Once you find the line with "Decorative Pumpkins For" in the listing below, set down exactly every line from it through the line with "男性向けラノベタイトル風あだ名 | 『転生したらまきたりさだった件』 |", but no pictures.

__Source data__.
§

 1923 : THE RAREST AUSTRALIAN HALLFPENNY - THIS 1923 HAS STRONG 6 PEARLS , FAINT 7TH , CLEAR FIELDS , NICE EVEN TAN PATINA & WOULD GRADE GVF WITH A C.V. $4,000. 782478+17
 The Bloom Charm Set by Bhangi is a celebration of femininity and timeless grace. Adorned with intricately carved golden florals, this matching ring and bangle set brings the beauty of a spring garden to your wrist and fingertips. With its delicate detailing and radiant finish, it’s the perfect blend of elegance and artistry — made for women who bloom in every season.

§

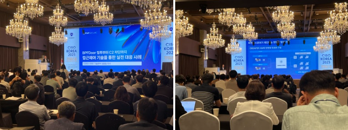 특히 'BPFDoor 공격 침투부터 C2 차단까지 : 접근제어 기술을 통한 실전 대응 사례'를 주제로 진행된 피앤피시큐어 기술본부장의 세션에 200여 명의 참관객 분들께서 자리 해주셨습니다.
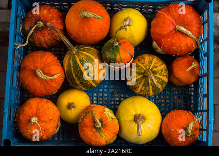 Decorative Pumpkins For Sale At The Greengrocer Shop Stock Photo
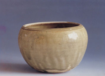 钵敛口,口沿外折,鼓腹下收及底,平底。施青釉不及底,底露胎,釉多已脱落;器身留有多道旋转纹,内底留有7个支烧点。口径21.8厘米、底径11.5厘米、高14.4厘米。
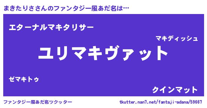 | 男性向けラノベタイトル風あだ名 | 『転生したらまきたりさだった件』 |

§

__Output for this exercise__.
 Decorative Pumpkins For Sale At The Greengrocer Shop Stock Photo
 钵敛口,口沿外折,鼓腹下收及底,平底。施青釉不及底,底露胎,釉多已脱落;器身留有多道旋转纹,内底留有7个支烧点。口径21.8厘米、底径11.5厘米、高14.4厘米。
 | 男性向けラノベタイトル風あだ名 | 『転生したらまきたりさだった件』 |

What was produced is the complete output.